Return all lines from the listing below that include the word "jewelry".

·····

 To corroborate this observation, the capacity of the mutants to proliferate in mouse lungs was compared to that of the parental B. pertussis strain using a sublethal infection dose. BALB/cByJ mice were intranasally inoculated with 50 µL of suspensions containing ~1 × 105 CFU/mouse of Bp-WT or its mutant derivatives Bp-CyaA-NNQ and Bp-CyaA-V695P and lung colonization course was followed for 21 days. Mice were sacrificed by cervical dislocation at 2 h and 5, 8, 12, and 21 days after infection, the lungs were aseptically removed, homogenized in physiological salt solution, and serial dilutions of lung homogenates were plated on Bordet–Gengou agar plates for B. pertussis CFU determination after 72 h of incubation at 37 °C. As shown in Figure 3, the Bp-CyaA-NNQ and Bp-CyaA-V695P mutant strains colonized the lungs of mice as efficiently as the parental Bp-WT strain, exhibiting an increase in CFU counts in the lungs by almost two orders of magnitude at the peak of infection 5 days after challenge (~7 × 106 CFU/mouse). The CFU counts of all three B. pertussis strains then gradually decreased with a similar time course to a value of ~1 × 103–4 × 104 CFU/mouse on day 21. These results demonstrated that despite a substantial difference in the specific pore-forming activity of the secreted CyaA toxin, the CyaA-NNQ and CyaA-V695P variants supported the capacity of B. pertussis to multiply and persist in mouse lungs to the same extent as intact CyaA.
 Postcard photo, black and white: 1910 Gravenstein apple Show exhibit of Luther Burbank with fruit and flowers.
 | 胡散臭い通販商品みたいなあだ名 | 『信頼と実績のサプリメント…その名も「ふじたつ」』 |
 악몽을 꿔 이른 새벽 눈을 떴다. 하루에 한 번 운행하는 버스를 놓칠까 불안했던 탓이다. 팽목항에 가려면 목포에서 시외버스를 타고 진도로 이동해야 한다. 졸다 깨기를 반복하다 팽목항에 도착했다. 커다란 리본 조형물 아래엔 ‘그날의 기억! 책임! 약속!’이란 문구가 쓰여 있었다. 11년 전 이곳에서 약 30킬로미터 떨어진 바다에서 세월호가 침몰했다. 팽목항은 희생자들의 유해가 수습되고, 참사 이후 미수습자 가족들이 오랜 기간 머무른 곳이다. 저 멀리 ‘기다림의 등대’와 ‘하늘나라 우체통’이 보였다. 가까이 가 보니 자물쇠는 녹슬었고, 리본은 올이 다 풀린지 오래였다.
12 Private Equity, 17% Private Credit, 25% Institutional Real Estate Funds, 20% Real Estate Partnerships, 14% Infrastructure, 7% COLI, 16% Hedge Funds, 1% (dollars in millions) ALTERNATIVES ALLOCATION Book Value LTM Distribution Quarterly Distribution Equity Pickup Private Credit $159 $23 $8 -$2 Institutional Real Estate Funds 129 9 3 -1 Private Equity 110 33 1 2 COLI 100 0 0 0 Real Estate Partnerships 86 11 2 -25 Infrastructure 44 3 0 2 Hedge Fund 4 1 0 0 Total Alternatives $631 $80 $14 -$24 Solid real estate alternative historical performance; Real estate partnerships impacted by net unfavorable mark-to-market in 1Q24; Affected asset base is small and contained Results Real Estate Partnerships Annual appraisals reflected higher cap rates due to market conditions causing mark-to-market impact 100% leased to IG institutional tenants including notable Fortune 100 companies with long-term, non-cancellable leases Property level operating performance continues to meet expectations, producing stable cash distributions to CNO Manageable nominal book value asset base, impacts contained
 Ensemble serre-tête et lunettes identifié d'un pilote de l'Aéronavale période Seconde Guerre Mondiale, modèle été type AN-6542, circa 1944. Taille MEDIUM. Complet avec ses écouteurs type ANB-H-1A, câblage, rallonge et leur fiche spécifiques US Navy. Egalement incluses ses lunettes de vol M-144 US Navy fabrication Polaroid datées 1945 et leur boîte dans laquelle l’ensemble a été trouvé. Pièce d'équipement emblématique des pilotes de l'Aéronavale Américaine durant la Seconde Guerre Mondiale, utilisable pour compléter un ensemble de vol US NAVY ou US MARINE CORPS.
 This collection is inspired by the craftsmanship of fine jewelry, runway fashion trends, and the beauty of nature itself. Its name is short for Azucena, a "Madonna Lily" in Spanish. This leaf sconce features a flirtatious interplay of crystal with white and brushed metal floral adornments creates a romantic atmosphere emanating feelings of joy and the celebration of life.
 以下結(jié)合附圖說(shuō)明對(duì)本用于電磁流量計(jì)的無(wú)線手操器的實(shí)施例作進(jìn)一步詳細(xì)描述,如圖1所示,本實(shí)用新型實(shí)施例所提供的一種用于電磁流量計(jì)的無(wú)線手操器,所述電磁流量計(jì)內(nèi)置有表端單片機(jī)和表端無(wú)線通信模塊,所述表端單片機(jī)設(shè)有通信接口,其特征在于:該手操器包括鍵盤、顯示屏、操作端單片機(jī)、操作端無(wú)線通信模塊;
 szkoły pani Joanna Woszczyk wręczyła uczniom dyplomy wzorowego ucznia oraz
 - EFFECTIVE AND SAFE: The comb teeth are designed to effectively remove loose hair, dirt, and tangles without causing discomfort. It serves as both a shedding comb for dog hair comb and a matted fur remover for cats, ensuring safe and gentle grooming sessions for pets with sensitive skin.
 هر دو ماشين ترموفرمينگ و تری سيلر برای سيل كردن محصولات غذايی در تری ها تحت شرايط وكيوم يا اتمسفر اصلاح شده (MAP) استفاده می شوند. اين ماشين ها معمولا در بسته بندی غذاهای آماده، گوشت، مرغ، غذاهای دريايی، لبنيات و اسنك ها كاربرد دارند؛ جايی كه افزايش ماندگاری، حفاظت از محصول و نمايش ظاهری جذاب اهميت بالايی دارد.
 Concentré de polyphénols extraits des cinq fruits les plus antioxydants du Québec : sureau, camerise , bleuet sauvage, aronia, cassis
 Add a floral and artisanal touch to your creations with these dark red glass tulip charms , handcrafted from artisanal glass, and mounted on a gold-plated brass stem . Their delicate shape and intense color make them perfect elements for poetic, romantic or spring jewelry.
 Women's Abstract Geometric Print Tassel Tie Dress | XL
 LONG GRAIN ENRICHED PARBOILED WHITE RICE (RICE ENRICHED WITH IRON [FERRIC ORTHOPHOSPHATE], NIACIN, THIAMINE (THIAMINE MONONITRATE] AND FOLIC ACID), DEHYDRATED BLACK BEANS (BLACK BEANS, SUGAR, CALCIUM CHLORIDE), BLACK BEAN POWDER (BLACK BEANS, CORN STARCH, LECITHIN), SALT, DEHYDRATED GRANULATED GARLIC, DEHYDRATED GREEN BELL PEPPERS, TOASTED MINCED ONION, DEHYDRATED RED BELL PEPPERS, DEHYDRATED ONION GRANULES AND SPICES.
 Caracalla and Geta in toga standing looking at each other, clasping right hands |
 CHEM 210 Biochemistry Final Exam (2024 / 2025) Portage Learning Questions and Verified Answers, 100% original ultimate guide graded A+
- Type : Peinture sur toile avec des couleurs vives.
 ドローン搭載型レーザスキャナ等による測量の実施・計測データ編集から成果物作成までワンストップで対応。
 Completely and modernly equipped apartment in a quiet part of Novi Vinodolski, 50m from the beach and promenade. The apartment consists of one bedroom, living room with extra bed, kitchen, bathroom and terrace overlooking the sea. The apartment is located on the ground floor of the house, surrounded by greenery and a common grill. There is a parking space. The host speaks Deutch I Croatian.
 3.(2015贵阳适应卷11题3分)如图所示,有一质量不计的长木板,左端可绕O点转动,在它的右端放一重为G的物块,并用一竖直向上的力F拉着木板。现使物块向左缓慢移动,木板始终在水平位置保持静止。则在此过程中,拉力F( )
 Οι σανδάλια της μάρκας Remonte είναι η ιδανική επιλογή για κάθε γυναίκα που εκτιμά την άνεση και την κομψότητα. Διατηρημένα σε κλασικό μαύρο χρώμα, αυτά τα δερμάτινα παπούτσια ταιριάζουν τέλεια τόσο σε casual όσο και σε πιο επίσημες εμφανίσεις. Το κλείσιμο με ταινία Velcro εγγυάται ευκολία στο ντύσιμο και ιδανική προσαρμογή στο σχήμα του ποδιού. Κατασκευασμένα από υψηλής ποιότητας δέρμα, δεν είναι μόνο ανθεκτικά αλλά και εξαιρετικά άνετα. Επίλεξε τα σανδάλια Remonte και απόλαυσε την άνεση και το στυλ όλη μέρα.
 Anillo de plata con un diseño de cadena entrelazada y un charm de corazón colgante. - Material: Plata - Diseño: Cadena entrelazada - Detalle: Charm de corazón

·····

#### Response
 This collection is inspired by the craftsmanship of fine jewelry, runway fashion trends, and the beauty of nature itself. Its name is short for Azucena, a "Madonna Lily" in Spanish. This leaf sconce features a flirtatious interplay of crystal with white and brushed metal floral adornments creates a romantic atmosphere emanating feelings of joy and the celebration of life.
 Add a floral and artisanal touch to your creations with these dark red glass tulip charms , handcrafted from artisanal glass, and mounted on a gold-plated brass stem . Their delicate shape and intense color make them perfect elements for poetic, romantic or spring jewelry.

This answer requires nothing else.